Using the material below, print the line that contains "Designed to encourage", the line that contains "Der von Charlotte", and every line in between, exactly and nothing else.

• **The records**
::::::::::
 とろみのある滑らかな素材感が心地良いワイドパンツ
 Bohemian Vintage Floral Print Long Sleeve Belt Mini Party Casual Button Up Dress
::::::::::
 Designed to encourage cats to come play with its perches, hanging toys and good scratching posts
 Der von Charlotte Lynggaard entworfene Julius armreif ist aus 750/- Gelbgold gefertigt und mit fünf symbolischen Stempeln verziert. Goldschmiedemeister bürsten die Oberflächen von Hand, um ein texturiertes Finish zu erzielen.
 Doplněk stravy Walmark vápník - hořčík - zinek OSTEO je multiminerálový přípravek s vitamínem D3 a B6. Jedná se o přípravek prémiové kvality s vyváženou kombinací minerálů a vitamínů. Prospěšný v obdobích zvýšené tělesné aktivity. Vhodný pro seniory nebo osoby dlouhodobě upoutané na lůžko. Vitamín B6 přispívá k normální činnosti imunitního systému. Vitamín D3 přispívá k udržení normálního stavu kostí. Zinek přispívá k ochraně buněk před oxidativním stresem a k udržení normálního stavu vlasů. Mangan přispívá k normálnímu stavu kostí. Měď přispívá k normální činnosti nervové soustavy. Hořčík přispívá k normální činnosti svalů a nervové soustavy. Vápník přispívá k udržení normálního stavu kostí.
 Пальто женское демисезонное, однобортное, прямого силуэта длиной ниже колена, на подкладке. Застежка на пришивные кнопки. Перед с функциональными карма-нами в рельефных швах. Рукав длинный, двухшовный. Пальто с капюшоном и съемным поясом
::::::::::
• **Result of this task**
 Designed to encourage cats to come play with its perches, hanging toys and good scratching posts
 Der von Charlotte Lynggaard entworfene Julius armreif ist aus 750/- Gelbgold gefertigt und mit fünf symbolischen Stempeln verziert. Goldschmiedemeister bürsten die Oberflächen von Hand, um ein texturiertes Finish zu erzielen.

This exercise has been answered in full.